Requirement »
Return all of the data verbatim, dropping any picture.
(Beginning of Material provided)
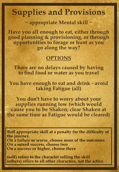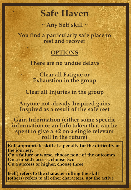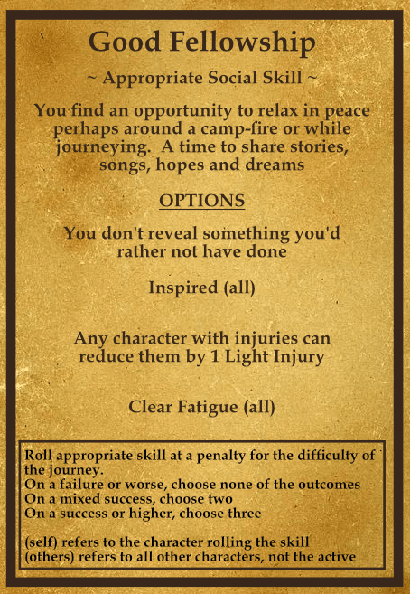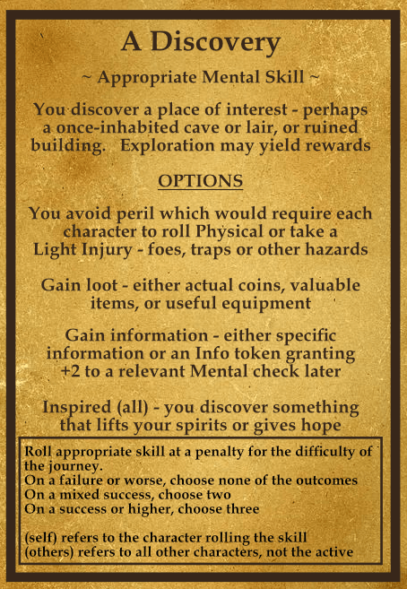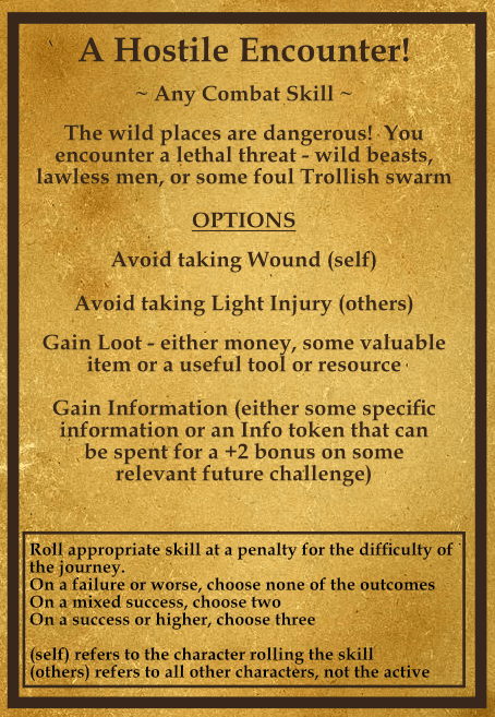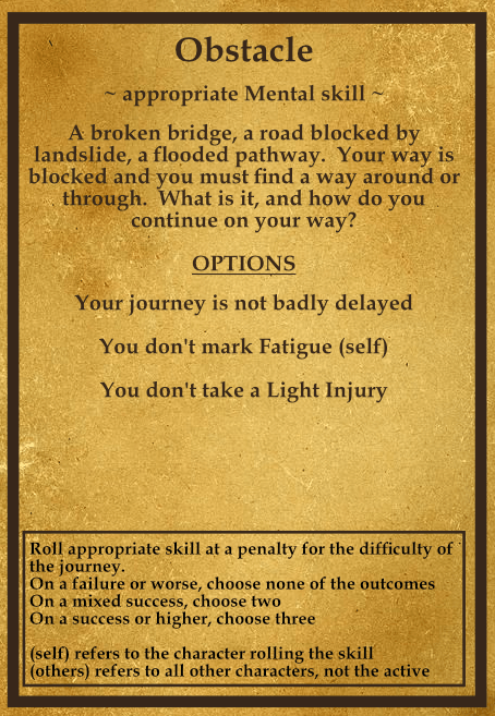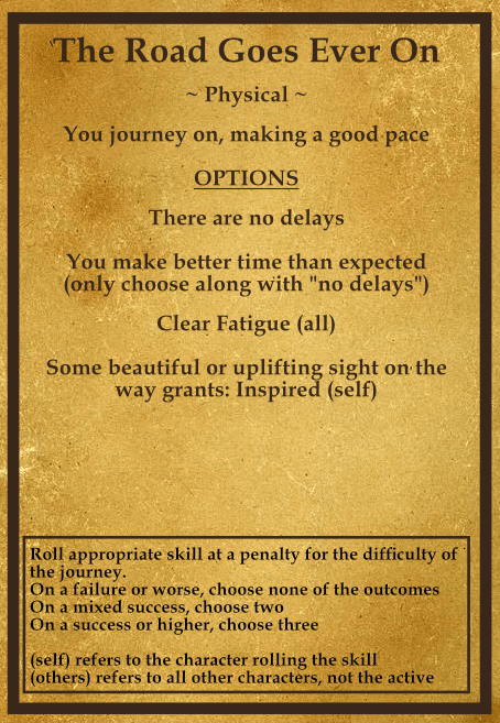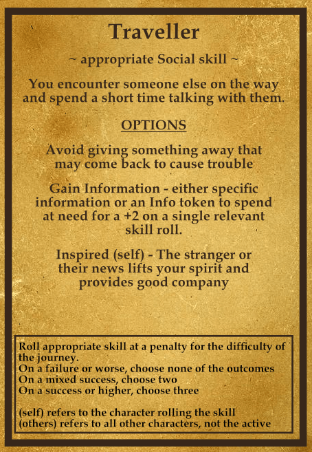 My idea is that a number of cards are drawn, one at a time, the number depending on the length of the journey. One character will be responsible for leading the group’s response to the situation on the card, with the outcome of their roll determining what happens to them and the group. The situation can be skimmed over with those bare rules, or roleplayed around as much as the group desires. Once that’s dealt with, the next card is drawn, and so on.
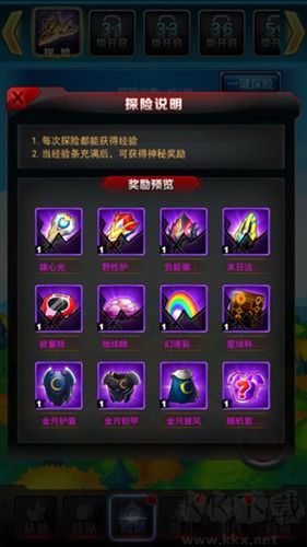 3、探險寶箱寶箱到底能獲得什么呢?當(dāng)然是好東西,看到圖中一堆紫色極品裝備是不是心動了呢,不僅如此還能獲得隨機(jī)的藍(lán)及紫裝、隨機(jī)藍(lán)及紫色寶物碎片、金色的法寶及變身器能源、還有藍(lán)色品質(zhì)的角色哦。如此豐厚的回報,讓探險的樂趣再度升級。
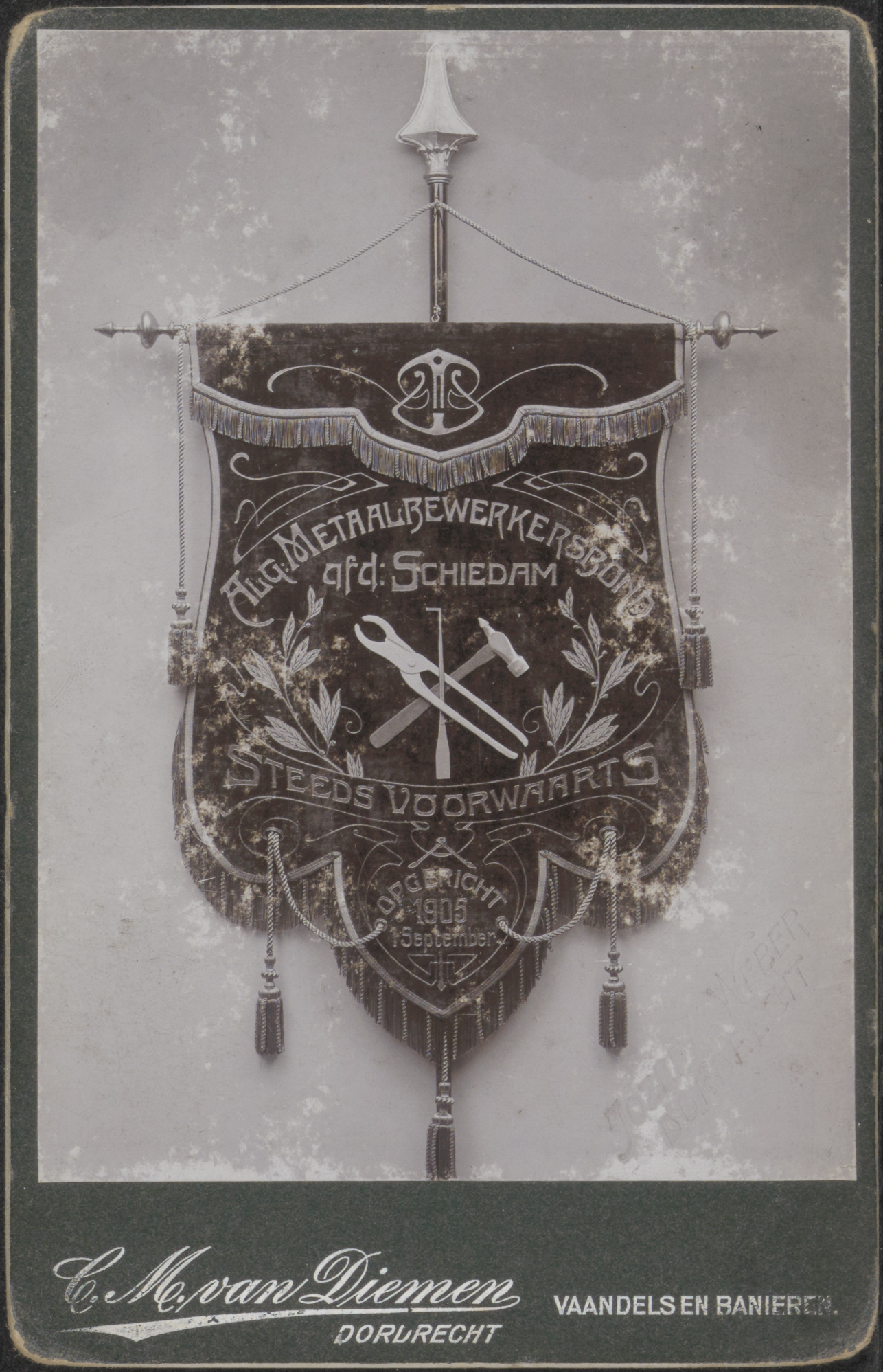 - Een vaandel van de Algemeene Metaalbewerkersbond "Steeds Voorwaarts" afd. Schiedam, opgericht 1 september 1905.
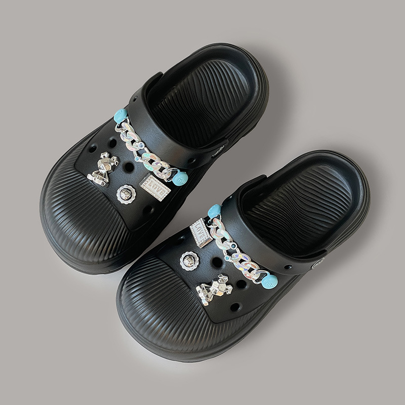 洞洞鞋2025年春季新款女士可爱串珠包头厚底休闲时尚舒适沙滩拖鞋
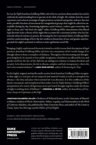 In Law by Night Jonathan Goldberg-Hiller asks what we can learn about modern law and its authority by understanding how it operates in the dark of night. He outlines how the social experience and cultural meanings of night promote racialized and gender violence, but also make possible freedom of movement for marginalized groups that might be otherwise unavailable during the day. Examining nighttime racial violence, curfews, gun ownership, the right to sleep, and “take back the night” rallies, Goldberg-Hiller demonstrates that liberal legal doctrine lacks a theory of the night that accounts for a nocturnal politics that has historically allowed violence to persist. By locating the law’s nocturnal limits, Goldberg-Hiller enriches understandings of how the law reinforces hierarchies of race and gender and foregrounds the night’s potential to enliven a more egalitarian social life.
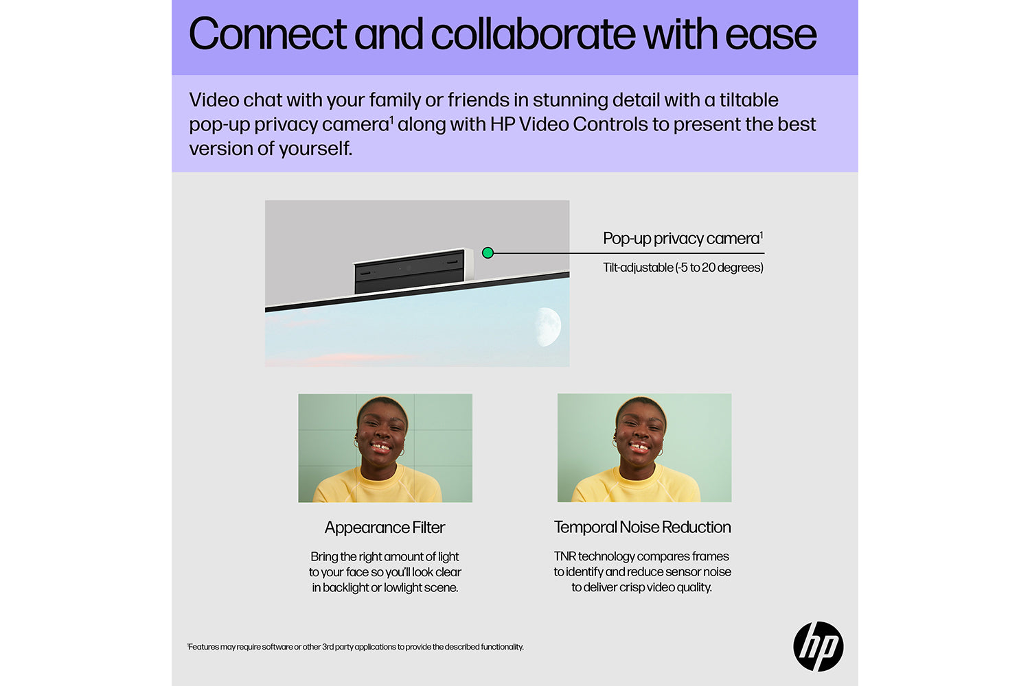 Connect seamlessly with a tiltable pop-up privacy camera 3 and advanced noise reduction software.
(End of Material provided)
Answer to this task »
 My idea is that a number of cards are drawn, one at a time, the number depending on the length of the journey. One character will be responsible for leading the group’s response to the situation on the card, with the outcome of their roll determining what happens to them and the group. The situation can be skimmed over with those bare rules, or roleplayed around as much as the group desires. Once that’s dealt with, the next card is drawn, and so on.
 3、探險寶箱寶箱到底能獲得什么呢?當(dāng)然是好東西,看到圖中一堆紫色極品裝備是不是心動了呢,不僅如此還能獲得隨機(jī)的藍(lán)及紫裝、隨機(jī)藍(lán)及紫色寶物碎片、金色的法寶及變身器能源、還有藍(lán)色品質(zhì)的角色哦。如此豐厚的回報,讓探險的樂趣再度升級。
 - Een vaandel van de Algemeene Metaalbewerkersbond "Steeds Voorwaarts" afd. Schiedam, opgericht 1 september 1905.
 洞洞鞋2025年春季新款女士可爱串珠包头厚底休闲时尚舒适沙滩拖鞋
 In Law by Night Jonathan Goldberg-Hiller asks what we can learn about modern law and its authority by understanding how it operates in the dark of night. He outlines how the social experience and cultural meanings of night promote racialized and gender violence, but also make possible freedom of movement for marginalized groups that might be otherwise unavailable during the day. Examining nighttime racial violence, curfews, gun ownership, the right to sleep, and “take back the night” rallies, Goldberg-Hiller demonstrates that liberal legal doctrine lacks a theory of the night that accounts for a nocturnal politics that has historically allowed violence to persist. By locating the law’s nocturnal limits, Goldberg-Hiller enriches understandings of how the law reinforces hierarchies of race and gender and foregrounds the night’s potential to enliven a more egalitarian social life.
 Connect seamlessly with a tiltable pop-up privacy camera 3 and advanced noise reduction software.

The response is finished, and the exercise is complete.